For over half a century he strode like a colossus in the earth of literature. He had a paralytic attack earlier he died. He enriched poetry immeasurably, only had little to spend on his proper medication. Even in this historic period when lyricists make millions!
Facade of freedom
Always since Gen Pervez Musharraf usurped power in October, 1999, information technology was generally believed that the armed services ruler was not resentful of what was being reported or commented upon by his state's newspapers. The belief was false. He allowed printing freedom so long every bit it suited his interests. This has been proved by the punishment meted out to the brilliant Chief Reporter of Nawa-i-Waqt, a mass circulation and respected Urdu daily of Pakistan.

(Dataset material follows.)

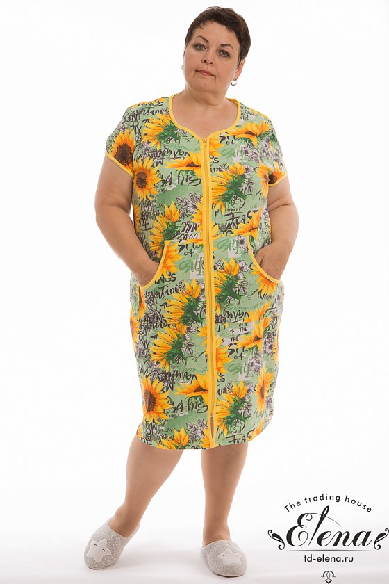 Женский халат — отличный выбор для домашнего отдыха. Он изготовлен из мягкой и приятной к телу ткани — кулирки реактив с набивным рисунком.

Those who watched the much-hyped press conference addressed by the General-turned-President terminal Friday would remember that the brave announcer, Masood Malik, had tried to convey the bulletin through his highly meaningful question that diplomacy was not the forte of a military man. Or in the area of diplomacy a politician has certain obvious advantages owing to his training in comparison to a military ruler. Which meant that if President Musharraf had been a politician, he would have come out with something like the Lahore Declaration or the Simla Agreement afterwards his parleys with Prime number Minister Atal Behari Vajpayee.
The question reflected the reporter'southward perception and he wanted the General's stance or reaction on the subject. A commonwealth-loving Caput of Government would have but given his reaction, even if the question was inconvenient, and the matter would have ended so and there. In the present case, information technology did not happen like that. First the General got angry. The expression on his face said everything. What he said in Urdu in response to Malik's question could exist translated like this: "Are you joking with me? Y'all are talking of politicians. Political rulers did not accept the guts to discuss Kashmir with India. There is no mention of Kashmir in the Simla Understanding. Kashmir finds mention in the Lahore Declaration possibly but once in an insignificant manner...."
The answer did not terminate at that place. When the Islamabad conference concluded, one of the General's loyalists running the Ministry of Information approached the newspaper direction, which also owns The Nation, to show Main Reporter Malik the door. Or if his job was to be saved, he must be demoted to propitiate the ruler of the day.
Malik has been punished and demoted as sub-editor, but he remains a journalist that he was. Now he has to his credit a great achievement. He has exposed General Musharraf'due south facade of being a lover of democracy. The Full general may be annihilation but not a democrat.
The Malik episode has also exposed the weaknesses of the press in Pakistan. The media has taken it lying down at a fourth dimension when it could have got plenty back up for espousing the crusade of press freedom despite functioning under military machine rule. What a shameful scenario!